Ректор КРИППО вошёл в состав Совета при Президенте по русскому языку
Когда я иду на встречу с ректором Крымского института постдипломного педагогического образования — доктором филологических наук профессором Александром РУДЯКОВЫМ, всегда внутренне «подбираюсь», сосредоточиваюсь. Александр Николаевич представляет династию русистов и зорко присматривает за нашим братом журналистом, чтобы правильно говорили сами и воспитывали читателя. А недавно смотрела в теленовостях репортаж с заседания в Екатерининском зале Кремля Совета при Президенте по русскому языку. И вдруг камера выхватила крупным планом лицо нашего учёного. Потом ещё и ещё раз. Конечно, я не могла упустить случай после возвращения профессора в Симферополь увидеться и послушать его впечатления об общении с Владимиром ПУТИНЫМ.
— В зале собралась филологическая элита страны, Александр Николаевич. Как вы думаете, почему президент пригласил вас и ваших коллег именно сейчас? Мне логичнее было бы увидеть в креслах каких-нибудь экономистов или кризисных менеджеров.
— Президент приурочил заседание Совета к Дню народного единства, тем самым подчеркнув, что именно государственный русский язык является важнейшим фактором единения нашей большой страны. Так что с точки зрения выбора даты первого после обновления состава Совета заседания всё было сделано предельно грамотно. Кстати, на следующий день в МГУ прошёл второй съезд Общества русской словесности во главе с патриархом Кириллом. В эти же дни в Институте языкознания РАН состоялся «круглый стол» с международным участием, где обсуждалась языковая политика в Республике Крым.
— Что тревожило президента? Хотел же он от вас уловить какие-то импульсы.
— Я думаю, что Совет — в первую очередь отличная площадка для коммуникации. С одной стороны, высшее должностное лицо, принимающее важнейшие для всей страны решения; с другой — филологи, писатели, поэты, выражающие надежды, чаяния, тревоги русскоязычного мира.
— И какие болевые точки обозначил цвет российской филологии?
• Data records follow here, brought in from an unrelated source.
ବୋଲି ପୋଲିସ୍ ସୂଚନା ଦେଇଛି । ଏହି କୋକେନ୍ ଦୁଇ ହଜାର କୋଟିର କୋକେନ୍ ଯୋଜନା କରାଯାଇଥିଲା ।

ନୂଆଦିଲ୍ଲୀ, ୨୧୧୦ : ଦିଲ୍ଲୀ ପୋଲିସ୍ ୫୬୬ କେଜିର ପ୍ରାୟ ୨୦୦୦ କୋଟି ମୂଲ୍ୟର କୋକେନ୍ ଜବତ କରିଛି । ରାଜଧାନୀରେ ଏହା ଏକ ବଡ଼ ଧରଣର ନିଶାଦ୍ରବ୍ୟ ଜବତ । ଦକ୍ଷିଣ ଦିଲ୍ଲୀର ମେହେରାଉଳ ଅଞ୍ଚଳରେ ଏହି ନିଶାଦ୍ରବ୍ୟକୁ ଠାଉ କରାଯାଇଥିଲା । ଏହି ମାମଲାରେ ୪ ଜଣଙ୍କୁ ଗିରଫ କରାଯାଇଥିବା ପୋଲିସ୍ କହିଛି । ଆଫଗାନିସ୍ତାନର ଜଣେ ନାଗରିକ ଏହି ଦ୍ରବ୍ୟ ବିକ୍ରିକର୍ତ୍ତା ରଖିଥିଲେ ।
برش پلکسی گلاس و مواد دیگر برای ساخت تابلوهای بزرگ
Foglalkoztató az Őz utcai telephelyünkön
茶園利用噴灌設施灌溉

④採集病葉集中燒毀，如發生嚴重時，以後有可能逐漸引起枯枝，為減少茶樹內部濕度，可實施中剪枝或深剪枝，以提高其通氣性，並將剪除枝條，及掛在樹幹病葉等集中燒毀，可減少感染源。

— Их можно разделить на две группы: глобальные и ведомственные. Среди первых — снижение социальной ценности русского литературного языка, что, я думаю, вы, журналисты, конечно же, замечаете. Это и (о чём говорил ректор Санкт-Петербургского университета) непростая ситуация, в которой мы обязаны соблюдать нормы государственного языка, а их исчерпывающего описания нет. Это всё равно что нам бы велели ездить по правилам дорожного движения, но никто не потрудился бы их сформулировать. Описание норм — сложнейшая задача. Во-первых, из-за того, что «имя им легион»; во-вторых, потому что скорость изменения норм сегодня такова, что любая их фиксация неизбежно отстаёт от реальности. Тем более что налицо огромное число региолектов. Ещё одна «болевая точка» — необходимость внесения изменений в законы о языке, уточнение внутренней и внешней языковой политики. Здесь же — продвижение русского языка за пределами нашего государства. Президент очень тонко заметил, что не нужно называть русский оружием. Это сила, с помощью которой мы влияем на русскоязычный мир.
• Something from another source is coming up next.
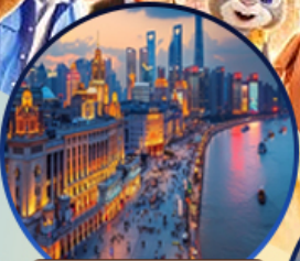
หาดไต้หวัน

สนุกจุใจ เชียงไฮ้ ดิสนีย์แลนด์ ฟรีเดย์ 1 วัน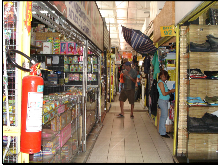
FIGURA 05: Parte interna do Shopping Oiapoque

— Я обратила внимание, как он поправил своего советника по культуре Владимира Толстого, немножко бряцавшего «лингвистическим оружием». Значит ли это, что в элите нет единства в трактовке задач и роли языковой политики?
— Я бы так не сказал. Я вошёл в состав Совета впервые и, честно говоря, больше приглядывался. Не думаю, что есть принципиальные разногласия. Есть нюансы, тактические тонкости, на которые Путин и обратил наше внимание. И был, на мой взгляд, прав. Излишний энтузиазм нередко приводит к перегибам… Кстати, продолжу отвечать на твой предыдущий вопрос. Вторая группа «болей» — ведомственные. Не могу упрекнуть своих коллег. У всех есть проблемы. Услышал, например, о бедственной ситуации в музее Пушкина в Гурзуфе! Разве не стоило бы об этом сказать президенту?
— Шансов быть услышанным непосредственно президентом не так много.
— Конечно! И я обязательно буду выступать на грядущих заседаниях Совета. И о георусистике, и об отношении к тем вариантам русского языка, которые существуют на Украине, в Казахстане, Белоруссии… Планирую обсудить эту проблему с Владимиром Ильичом (Толстым. — И. И.) на ближайшем заседании правления РОПРЯЛ в Пскове в середине декабря. Меня коробит, когда на языковедческих конференциях звучит фраза «Украина говорит на суржике». Скажи, будь добра, мы с тобой на суржике общались, когда жили на Украине?
— Нет.
— Мы говорили на русском, но в его украинской ипостаси. Так же как живущий в США американец пользуется английским, но английским американским. Когда язык попадает в другую страну, он обязательно приобретает черты этой страны. Не столько во внешних формах, сколько в значениях этих форм.
— Это интересная тема, Александр Николаевич. Бегу к вам, впереди меня два подростка. Беседуют между собой. Слышу, один другому говорит: «Ты мне инфу репостни на мыло, а я вечерком хайпану». Смотрите, есть подлежащее, сказуемое, даже хлипенькое обстоятельство. Но где же здесь «черты нашей страны»?
— Россия находится в XXI веке. Веке глобальной деревни. И то, что молодёжный сленг именно таков, беды я не вижу. А что, у тебя в твоей МГУшной молодости не было всяких особых, молодёжных словечек? Не верю!
— И всё же президент явно обеспокоен тем, что сокращается ареал распространения русского языка за рубежом.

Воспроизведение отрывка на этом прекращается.